> _WORK ORDER_
Required from the data below: the exact lines starting at the line containing "37,67g 共ケース付 ローズクォーツ" and ending at the line containing "Expresó la familia.", with both ends kept and all pictures dropped.

> _MATERIAL PROVIDED_
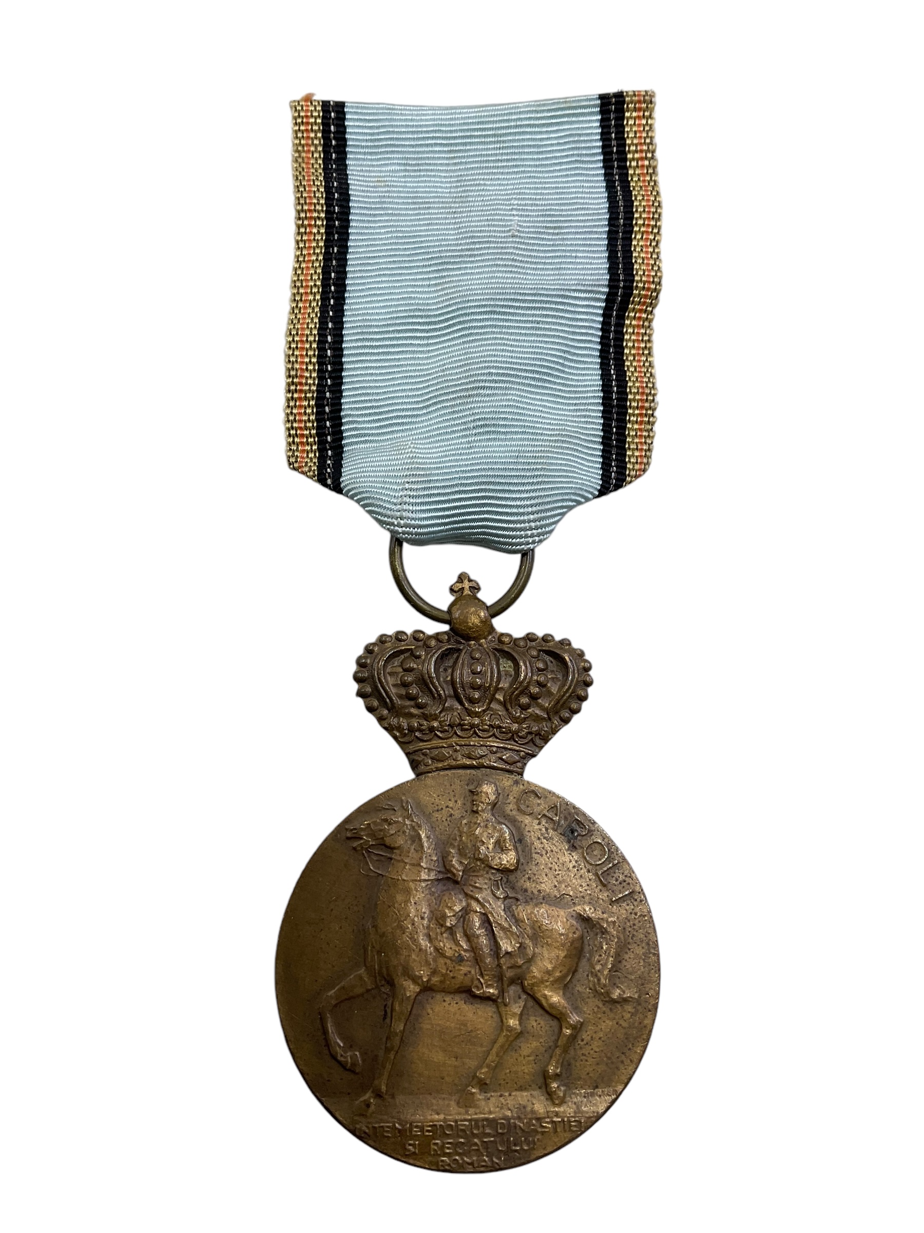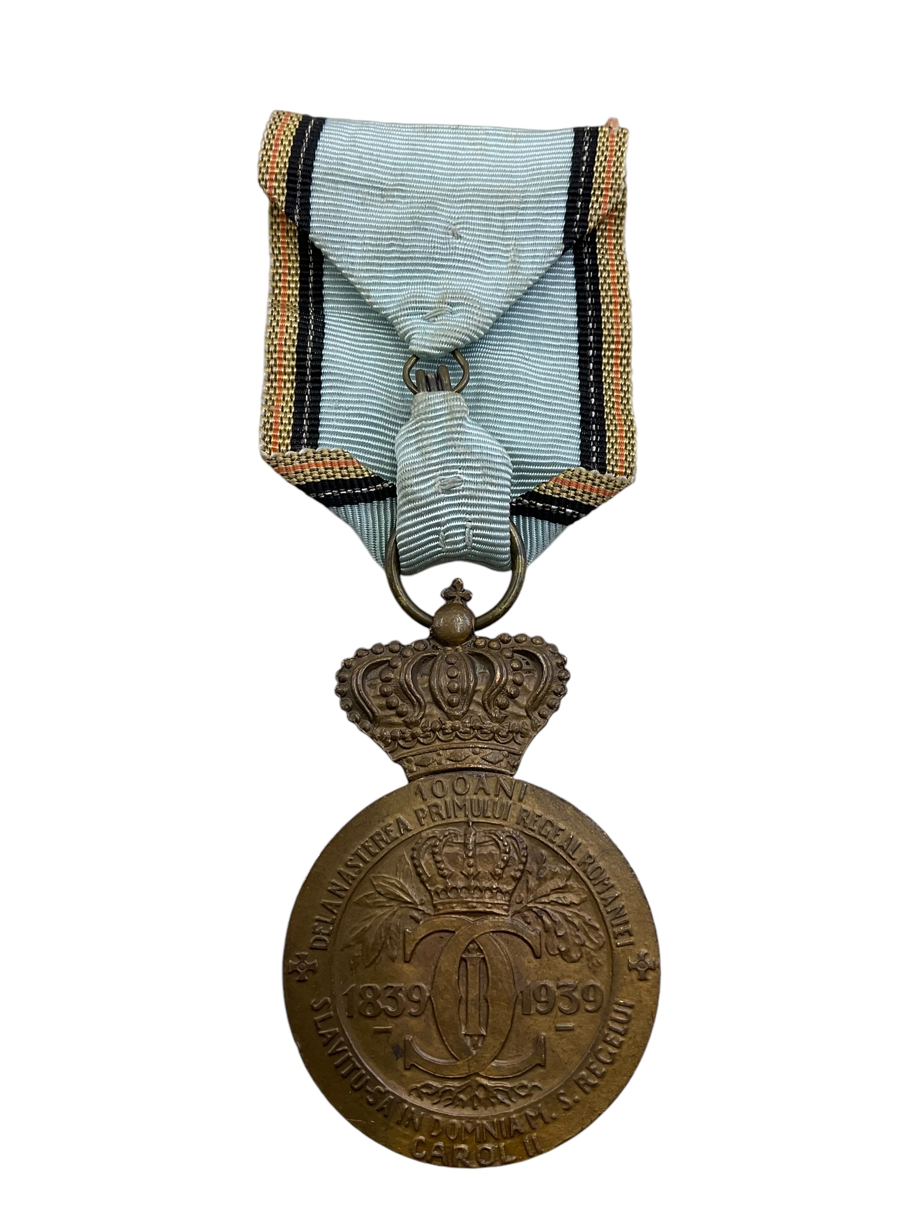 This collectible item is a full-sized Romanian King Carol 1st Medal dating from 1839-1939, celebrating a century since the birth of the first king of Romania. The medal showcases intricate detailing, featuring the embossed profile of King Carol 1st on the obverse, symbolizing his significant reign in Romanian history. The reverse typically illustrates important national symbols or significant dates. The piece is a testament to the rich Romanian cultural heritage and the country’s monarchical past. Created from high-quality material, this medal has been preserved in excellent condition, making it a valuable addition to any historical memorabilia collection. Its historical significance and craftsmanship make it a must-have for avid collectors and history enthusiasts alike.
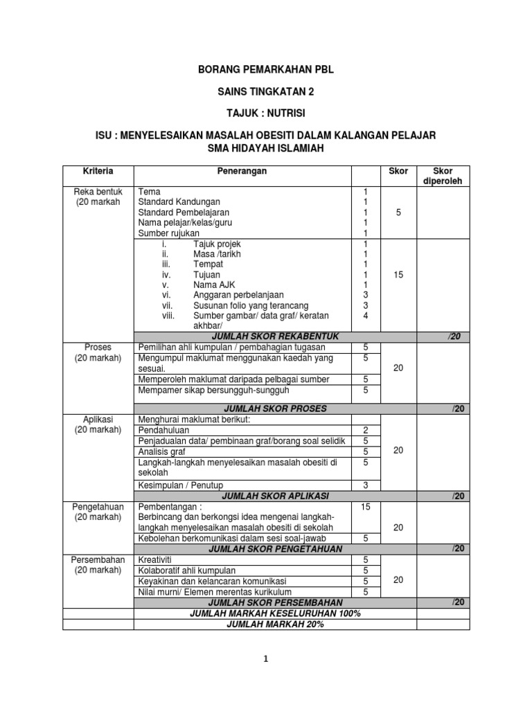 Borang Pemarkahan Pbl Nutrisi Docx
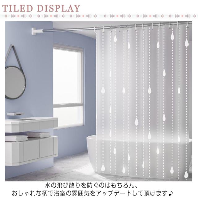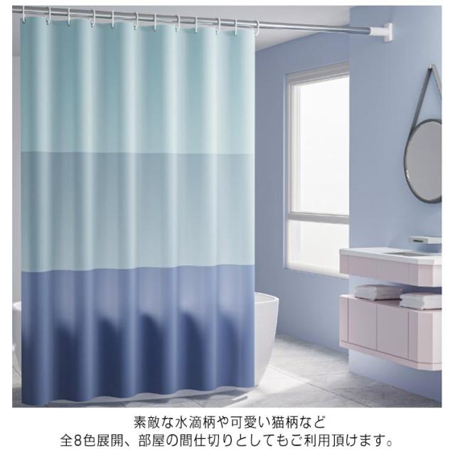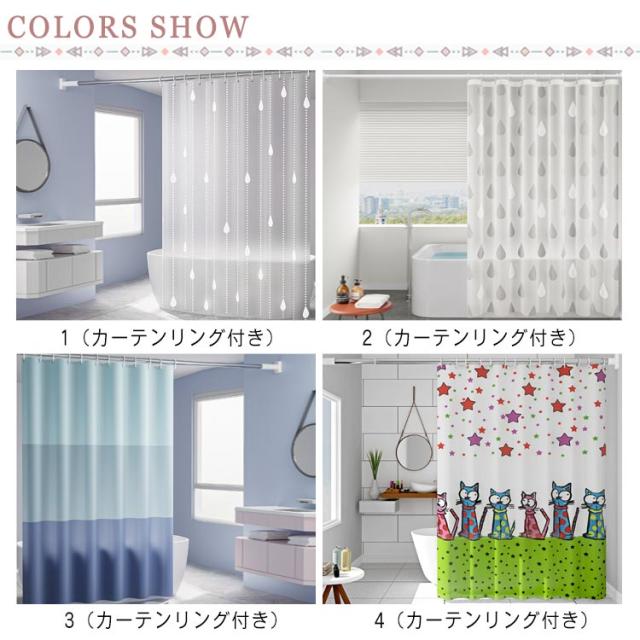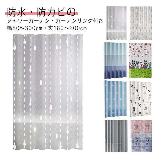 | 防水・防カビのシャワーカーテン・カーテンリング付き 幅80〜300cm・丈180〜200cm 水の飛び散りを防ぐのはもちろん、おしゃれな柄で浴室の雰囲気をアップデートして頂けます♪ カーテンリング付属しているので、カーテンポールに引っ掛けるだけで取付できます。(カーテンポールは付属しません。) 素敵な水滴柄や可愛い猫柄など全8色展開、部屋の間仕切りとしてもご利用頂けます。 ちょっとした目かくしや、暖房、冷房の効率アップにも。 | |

---

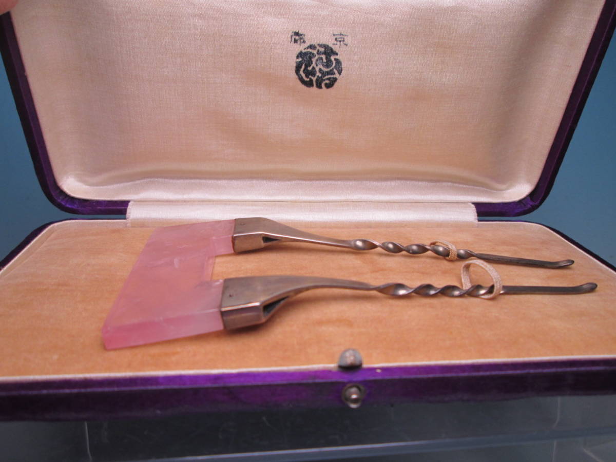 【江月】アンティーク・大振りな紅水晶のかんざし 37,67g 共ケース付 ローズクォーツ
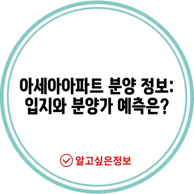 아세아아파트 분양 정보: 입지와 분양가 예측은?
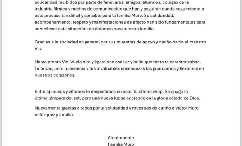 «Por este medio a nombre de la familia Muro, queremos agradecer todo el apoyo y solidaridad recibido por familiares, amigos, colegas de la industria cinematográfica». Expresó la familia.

--

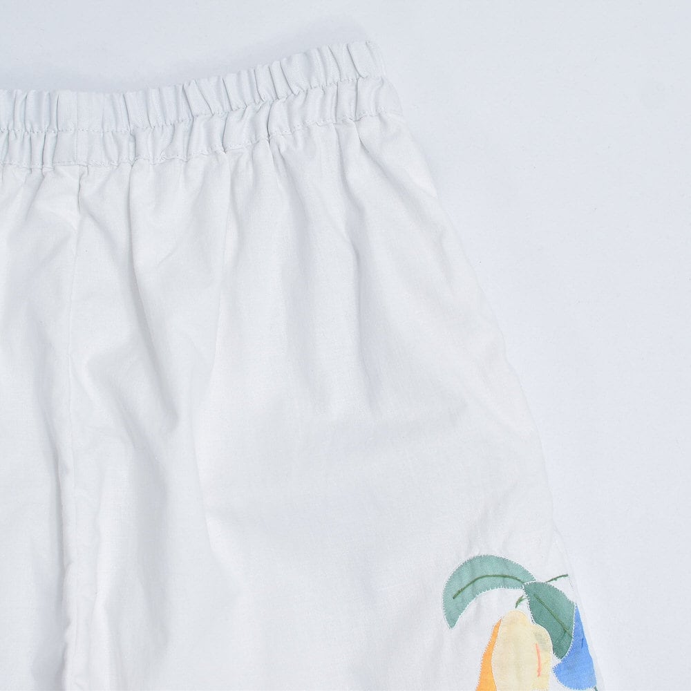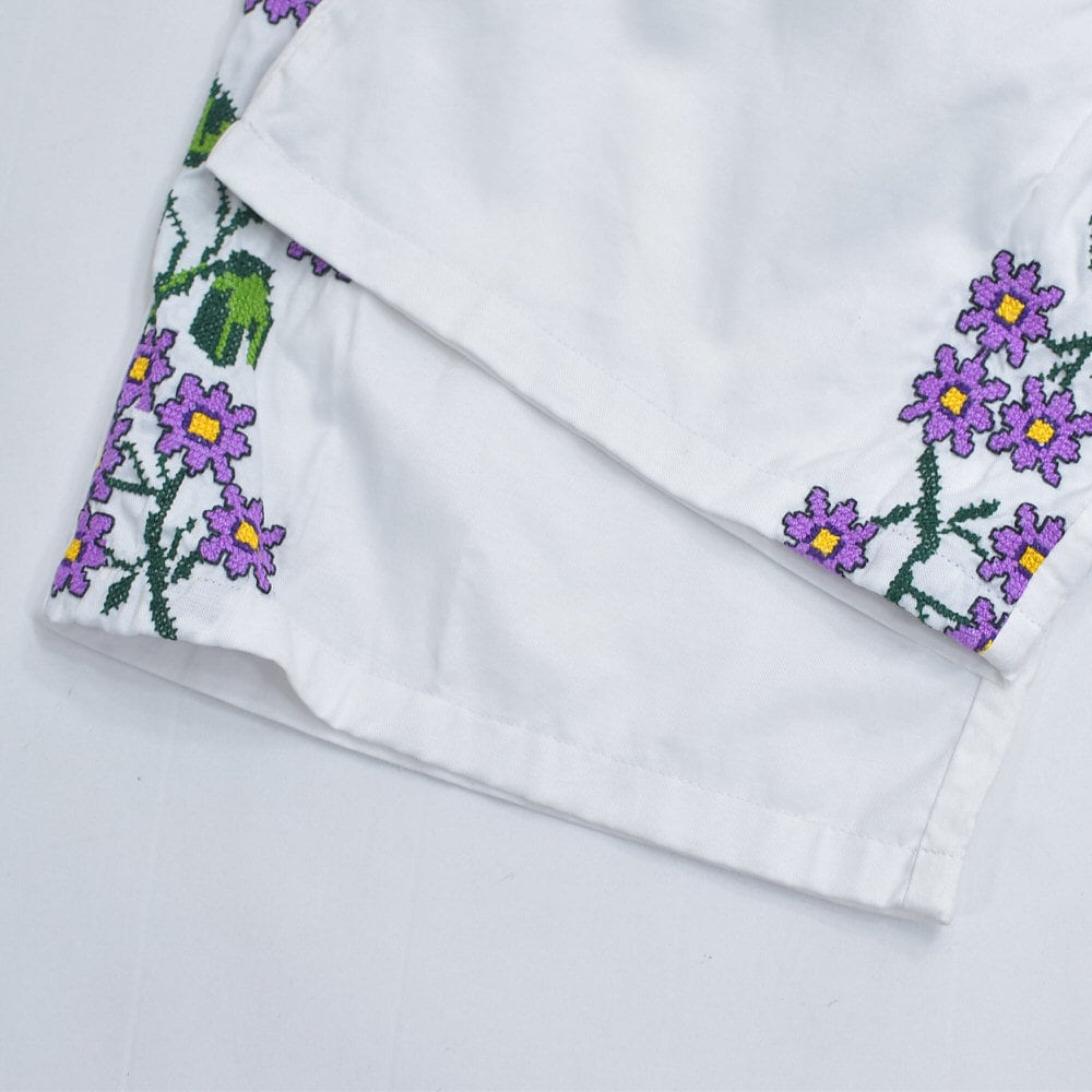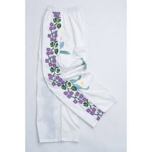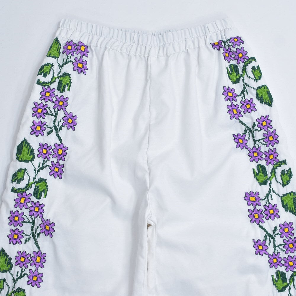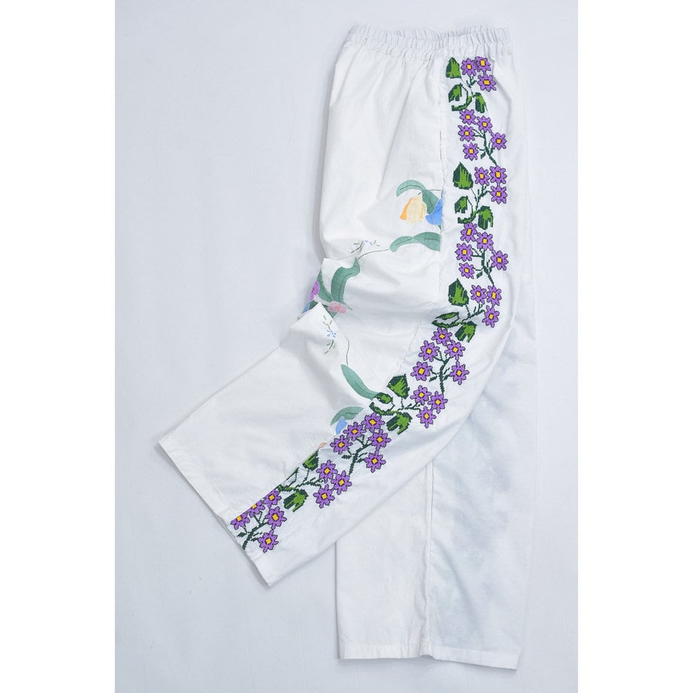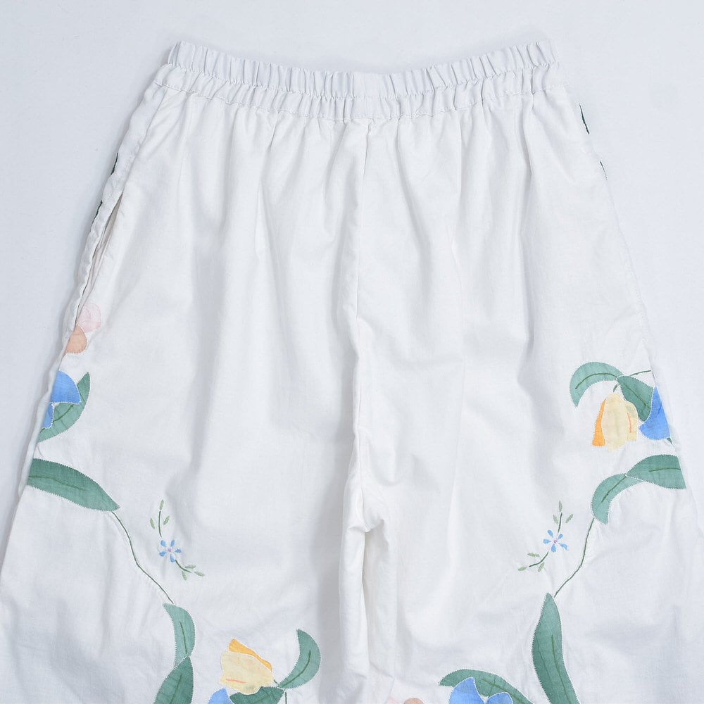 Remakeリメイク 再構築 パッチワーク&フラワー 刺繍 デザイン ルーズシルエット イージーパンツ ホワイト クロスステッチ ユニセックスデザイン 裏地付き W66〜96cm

> _RESULT OF THIS EXERCISE_
 【江月】アンティーク・大振りな紅水晶のかんざし 37,67g 共ケース付 ローズクォーツ
 아세아아파트 분양 정보: 입지와 분양가 예측은?
 «Por este medio a nombre de la familia Muro, queremos agradecer todo el apoyo y solidaridad recibido por familiares, amigos, colegas de la industria cinematográfica». Expresó la familia.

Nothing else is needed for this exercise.